Floresça, fale, cante, ouça-se e viva
A portuguesa língua, e já onde fôr,
Senhora vá de si, soberba e altiva!
Se até aqui esteve baixa e sem louvor,
Culpa é dos que a mal exercitaram.
Esquecimento nosso e desamor.

Pelo exposto, a Câmara Corporativa é de parecer que deve ser aprovada a proposta de lei referida.

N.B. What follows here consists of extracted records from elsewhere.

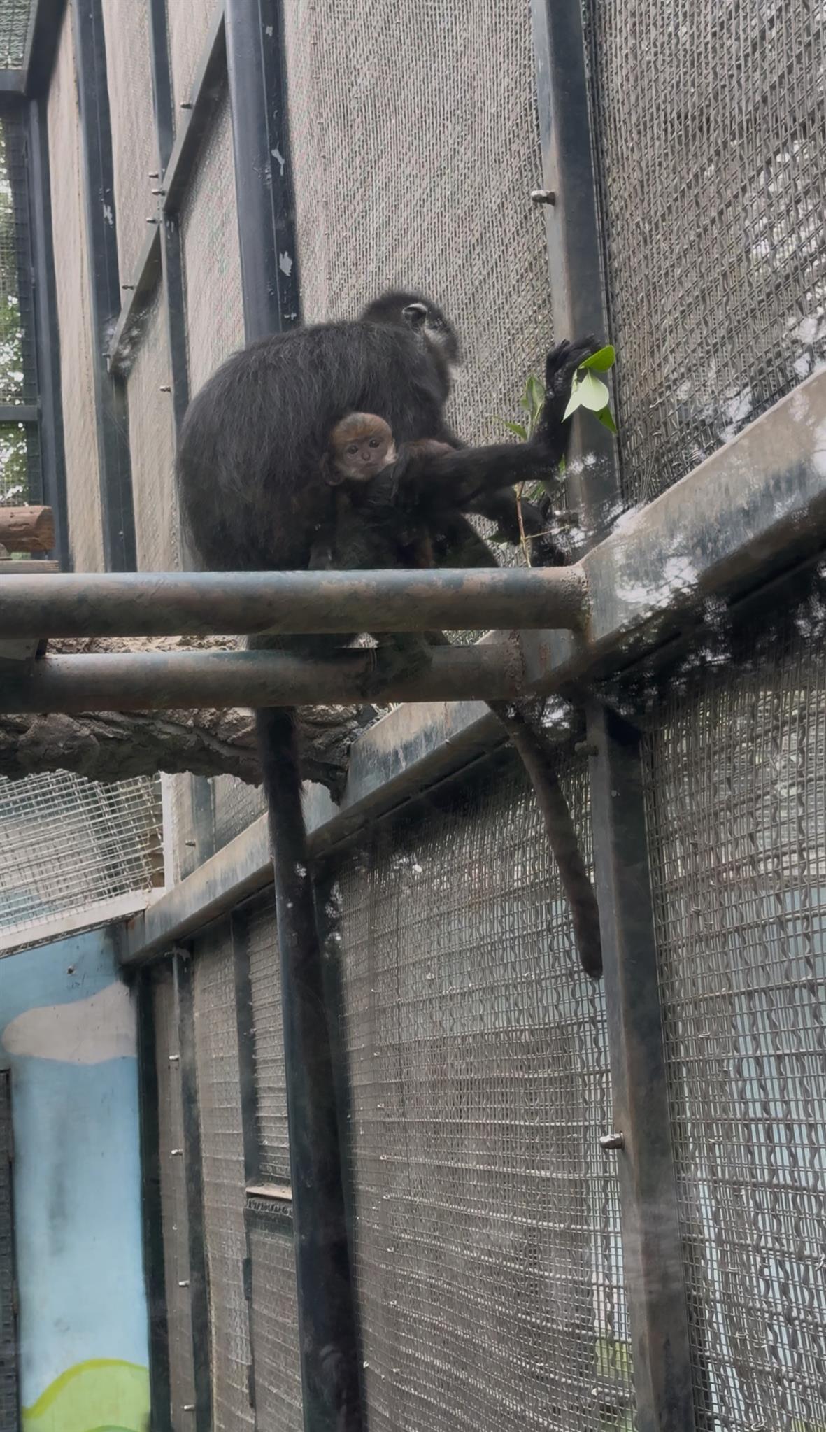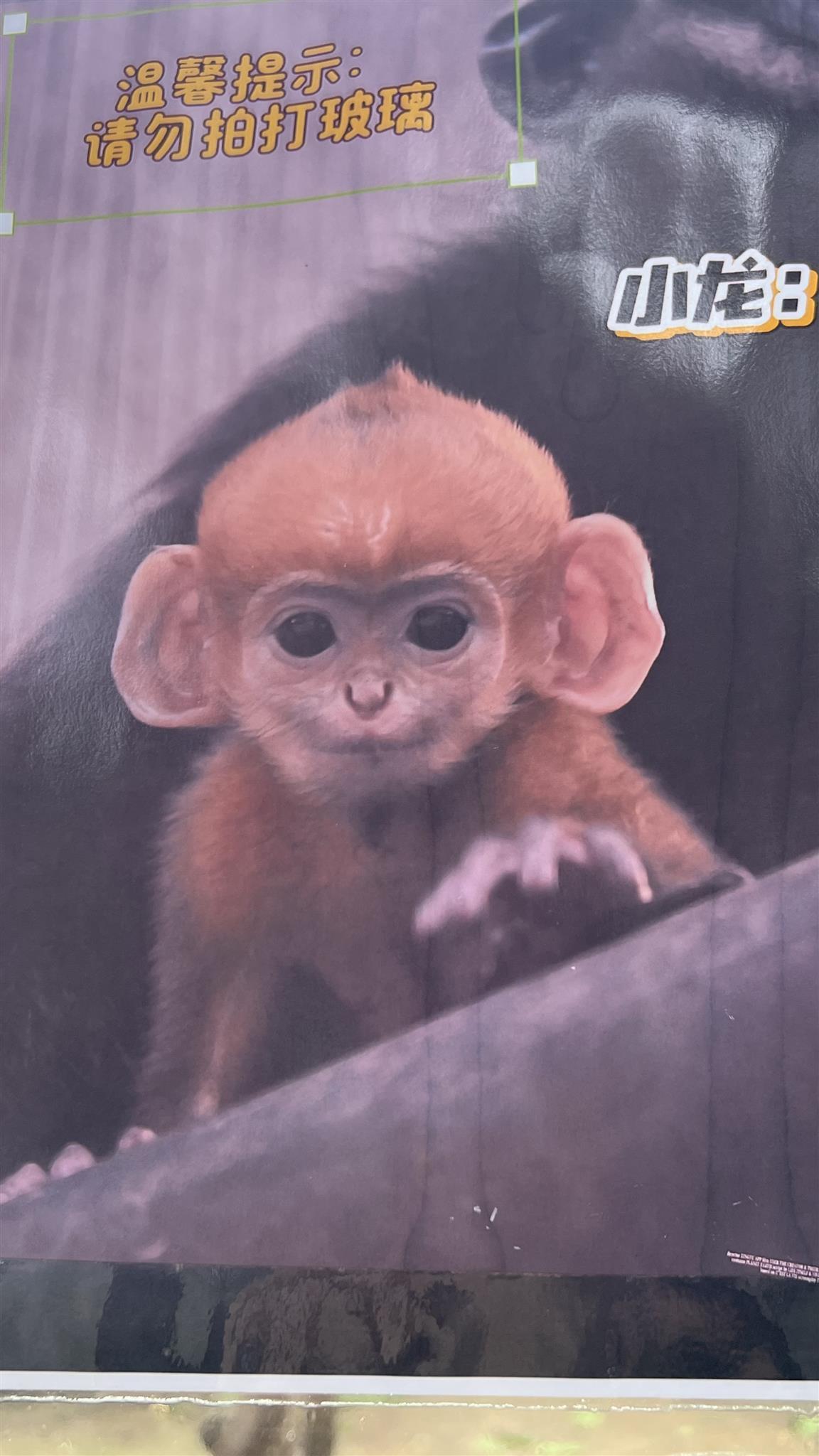 “小龙”出生于6月30日,是一只雄性黑叶猴。它圆圆的大眼睛、金黄色的茂密毛发、攀爬跳跃的身手,赢得众多游客喜爱,许多人说,它长着一张漫画脸。
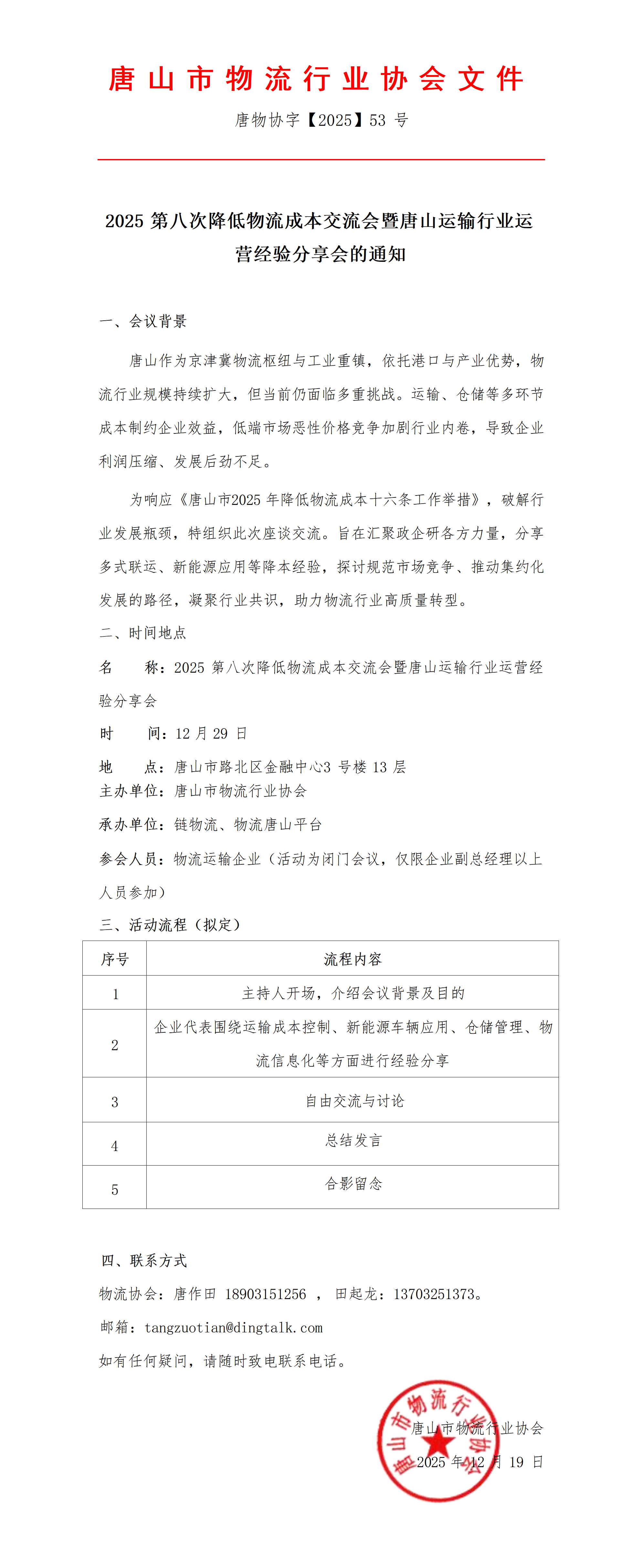关于组织召开2025 第八次降低物流成本交流会暨唐山运输行业运 营经验分享会的通知
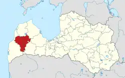Kuldīga Municipality (Latvian: Kuldīgas novads) is a municipality in Courland, Latvia. The municipality was formed in 2009 by merging Ēdole parish, Gudenieki parish, Īvande parish, Kabile parish, Kurmāle parish, Laidi parish, Padure parish, Pelči parish, Renda parish, Rumba parish, Snēpele parish, Turlava parish, Vārme parish and Kuldīga town. The administrative centre is Kuldīga. As of 2020, the population was 22,028.[3]
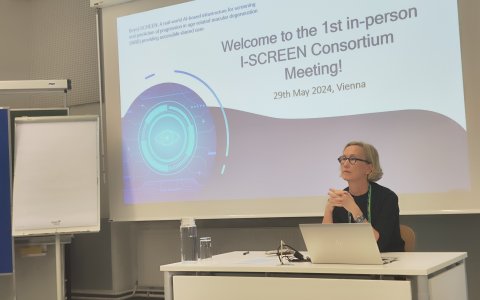 I-SCREEN consortium kicked off a meeting on May 29th in Vienna, Austria, with partners coming together for a comprehensive discussion on the project's progress and future directions. Ursula Schmidt-Erfurth from the Medical University of Vienna, the coordinator of the project, opened the meeting with an overview of the agenda and conveyed several important messages to the consortium.
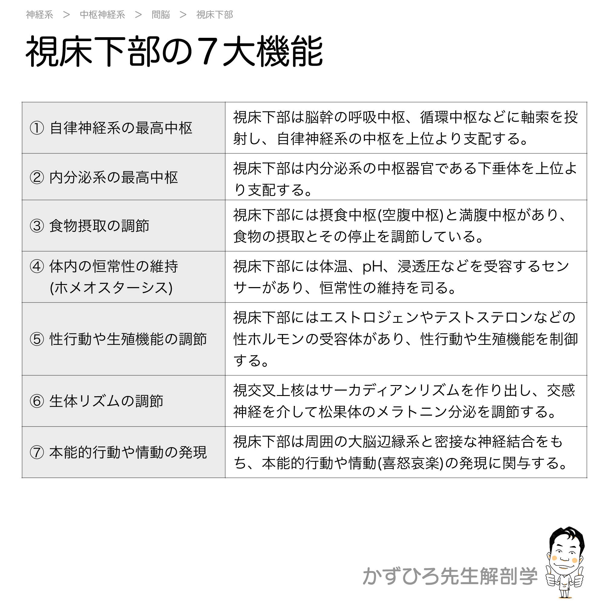 視床下部の7大機能は、(1)自律神経系の最高中枢、(2)内分泌系の最高中枢、(3)食物摂取の調節、(4)ホメオスタシスの維持、(5)性行動・生殖機能の調節、(6)生体リズムの調節、(7)本能的行動・情動の発現です。これらの機能と関連する核を対応させて覚えることが、国家試験対策の基本となります。
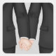 A wedding sticker featuring two grooms in tuxedos on gray striped background. (Created with original artwork©delightful-doodles)
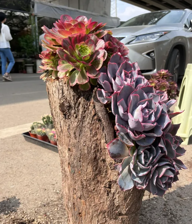 她选择的树木是杉树,一种外皮非常容易剥落的植物,然后就剥掉外皮,往缝隙中填充一些土壤之后种植一种名为胧月的多肉。

Palácio de S. Bento, 6 de Fevereiro de 1944.

Domingos Fezas Vital.
João Serras e Silva.
José Gabriel Pinto Coelho.
Marcelo José das Neves Alves Caetano.
Gustavo Cordeiro Ramos, relator.

9 O Mundo que o português criou, Rio de Janeiro, pp. 41 e 45.
10 Artigo na Atlântida, ano I, n.° 3, de 15 de Janeiro de 1910, pp. 201-204.
11 Brasil! Brasil!, 1.ª ed., Lisboa, Empresa Literária Fluminense, p. 18.
12 O Brasil mental.
13 A iniciativa da fundação, na Faculdade de Letras de Lisboa, de uma cadeira de estudos brasileiros, instituída por decreto de 12 de Junho de 1916, cabe ao saudoso escritor e diplomata Dr. Alberto de Oliveira, que a preconizou acaloradamente na Academia das Ciências de Lisboa e na Academia Brasileira de Letras. O relator da respectiva proposta de lei na Câmara dos Deputados foi o Sr. Dr. João de Barros, «galhardo paladino da chamada aproximação luso-brasileira», como a esse escritor se refere justamente o Prof. Sousa Pinto.
14 Língua minha gentil. Aillaud e Bertrand, 1924, pp. 8-9.
15 De elementar justiça será acentuar que não se teria podido chegar a resultados tam decisivos sem a reforma ortográfica de 11 de Setembro de 1911, a qual veio pôr termo à anarquia existente.
Recordemos com gratidão os inestimáveis serviços prestados a este respeito, sobretudo pelo notabilíssimo filólogo Gonçalves Viana com os seus trabalhos e em especial com o Vocabulário Ortográfico.